Eğitimde yer alacak yöntemler :

Terapistin en değerli aracı kendi kişiliğidir. Sanat terapisti ve/ya art terapist
yetiştirme amaçlı olan bu eğitim programı da bilinen tüm terapist yetiştirme programlarında olduğu gibi terapistin kendi kişiliği, kendi kişisel gelişimi üzerinden öğrenme süreçlerini içerecektir.
Öğretimde öncelikle uygulamalar yer almakta, uygulamaların verileri ile kuramsal bağlantılara ve tanımlara geçilmektedir. (tümevarım, tümdengelim ve çıkarsama yöntemleri döngüsel olarak kullanılacaktır)

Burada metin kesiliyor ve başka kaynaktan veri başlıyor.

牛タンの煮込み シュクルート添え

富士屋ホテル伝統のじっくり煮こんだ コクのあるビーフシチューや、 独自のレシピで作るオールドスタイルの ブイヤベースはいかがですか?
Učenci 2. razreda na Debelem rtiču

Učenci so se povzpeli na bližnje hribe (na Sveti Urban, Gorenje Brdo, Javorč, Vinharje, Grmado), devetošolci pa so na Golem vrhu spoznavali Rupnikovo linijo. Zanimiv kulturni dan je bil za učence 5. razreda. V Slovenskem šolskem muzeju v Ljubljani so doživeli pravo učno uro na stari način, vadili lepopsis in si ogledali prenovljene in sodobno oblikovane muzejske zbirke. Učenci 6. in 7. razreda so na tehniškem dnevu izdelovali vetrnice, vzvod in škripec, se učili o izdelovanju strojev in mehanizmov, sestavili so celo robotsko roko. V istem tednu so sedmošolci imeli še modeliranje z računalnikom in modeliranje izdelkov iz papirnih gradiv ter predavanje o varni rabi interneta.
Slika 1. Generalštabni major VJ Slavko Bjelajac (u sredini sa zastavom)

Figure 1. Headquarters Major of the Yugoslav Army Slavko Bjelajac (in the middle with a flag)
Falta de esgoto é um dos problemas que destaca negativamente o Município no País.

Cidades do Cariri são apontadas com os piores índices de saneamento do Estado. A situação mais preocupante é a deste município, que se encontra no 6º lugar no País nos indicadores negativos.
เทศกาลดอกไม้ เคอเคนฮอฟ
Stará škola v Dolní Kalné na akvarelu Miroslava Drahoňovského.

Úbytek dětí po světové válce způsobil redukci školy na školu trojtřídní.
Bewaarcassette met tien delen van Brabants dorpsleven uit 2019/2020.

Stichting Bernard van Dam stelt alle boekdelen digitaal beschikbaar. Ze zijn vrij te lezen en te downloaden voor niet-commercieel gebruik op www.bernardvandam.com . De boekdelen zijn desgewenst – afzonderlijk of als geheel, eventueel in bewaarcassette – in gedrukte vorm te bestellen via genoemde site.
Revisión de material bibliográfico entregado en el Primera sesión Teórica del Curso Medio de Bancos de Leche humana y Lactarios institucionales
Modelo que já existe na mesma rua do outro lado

Katılımcılar her katılımda kendileri üzerinden kazandıkları deneyime dayanarak kendi çalışma alanlarında deneme ve uygulamalar yapmak sureti ile eğitim boyunca süpervizyon alma şansı yakalayacaklardır.

Teknikler

Art –terapi eğitim programında öncelikli hedef sanatsal dışavurumun psikoterapötik ve/ya gelişimsel etkileşimlerini ortaya çıkarmaktır. Bu amaçla katılımcıların önceden var olan psikoterapi ve eğitim oryantasyonları da dikkate alınarak sanatla çalışmanın psikoterapi, eğitim, yetiştirme ve insan kaynağı geliştirme amaçları yönünde uygulanmasını sağlayacak teknik buluşmalara yer verilecektir. Sanat ve psikodrama, Gestalt teknikleri ve psikanalitik oryantasyonlu bakış üzerine kombinasyonlar amaçlanmaktadır.

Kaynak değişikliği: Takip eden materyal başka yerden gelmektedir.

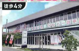
徒歩4分 アイススポーツ折尾店(フィットネススポーツジム)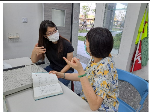
表藝教師分享自己讀後的創意思象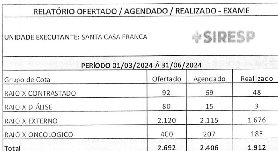
Tabela 1 – Exames ofertados e realizados – março a junho/2024

Indicador de resultado: Percentual de exames disponibilizados no SIRESP.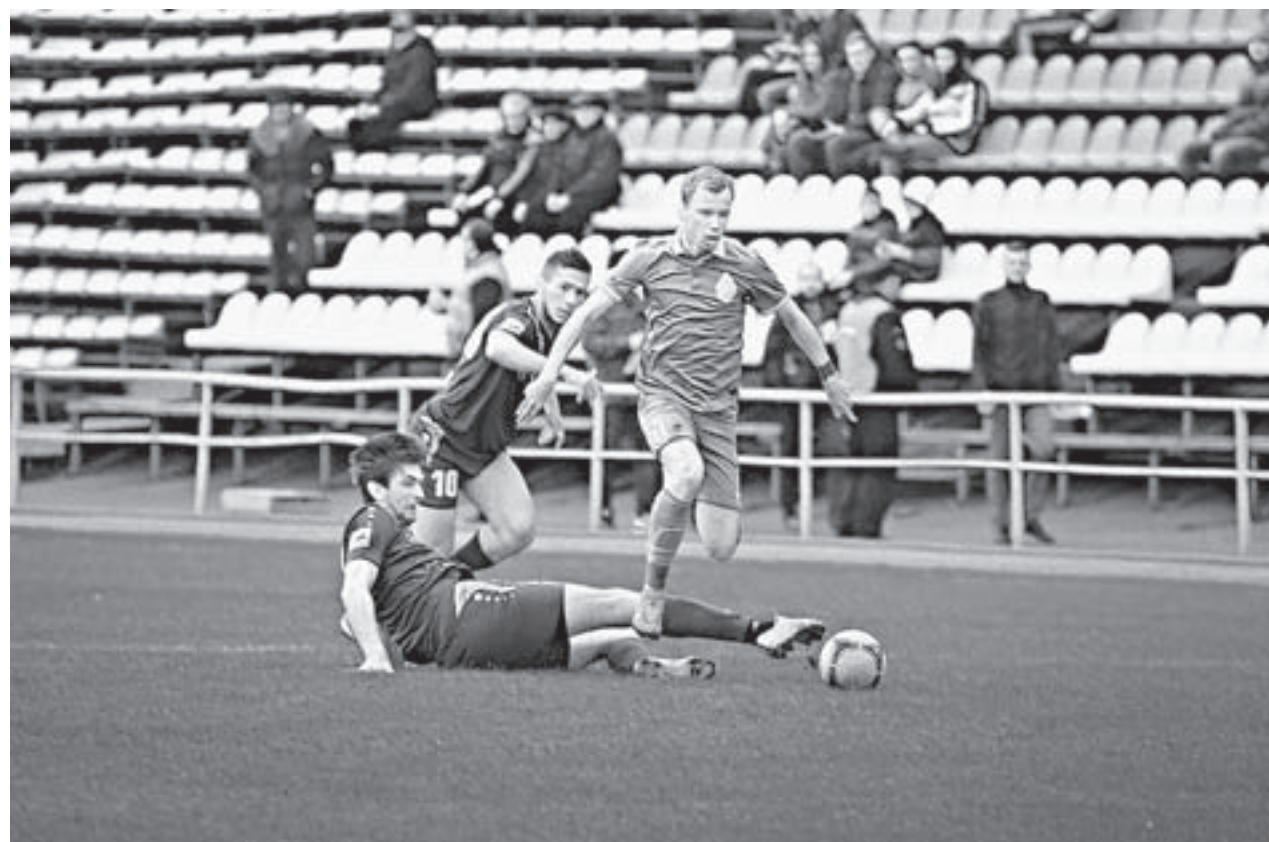
Нынешний турнир называют куцым.

Кризис футбола в восточной группе ПФЛ пользует со страшной

Her bir alan için ayrılmış olan 30 saat (üç birim) lik sürenin bir birimi ustalarla buluşma için ayrılmıştır. Bu bölümde katılımcılar sanatçılarla işbirliği yapabilme ve sanatı bizzat aktif olarak üretebilme/yaşayabilme deneyimleri kazanacaklardır.
Hedeflenen katılımcılar ve ön koşullar:
Psikiyatri uzmanlığı almış ve/ya uzmanlık eğitimi devam eden hekimler,Psikoloji, Psikolojik Danışmanlık ve Rehberlik, Tıp, Fizyoterapi, Yüksek hemşirelik (Psikiyatri Hemşireliği koşulu ile) ve/ya eğitim alanlarında en az lisans mezunu olanlar (okul öncesi eğitim, sınıf öğretmenliği ve sanat alanları dahil)
Ruh sağlığı ve İnsan kaynağını geliştirme/iyileştirme amaçlı tüm çalışmaların ekip sistematiği içerisinde yürütülmesi gerekmektedir. Programa kabul edilecek katılımcıların çeşitliliği aynı alanda değişik disiplinlerden gelen profesyonellerin ekip oluşturabilme ve birlikte üretebilme deneyimi kazanmalarını sağlamaktadır.
Grupla çalışma tekniklerinin uygulanabilmesini de amaçlayarak 20 kişilik kontenjan düşünülmüştür. bir eğitim grubu en az 18, en çok 24 kişiden oluşur. (Bu sayılar ikili ve üçlü alt çalışma grupları yapabilme amaçlıdır.)
Tüm programa devam zorunludur. Makul nedenlerle kaçırılmış olan eğitim seansları için katılımcı telafi programı almak zorundadır.Mezuniyet için her katılımcı çalışmalarından örneklerin yer aldığı bir yayın (tez) hazırlamalıdır.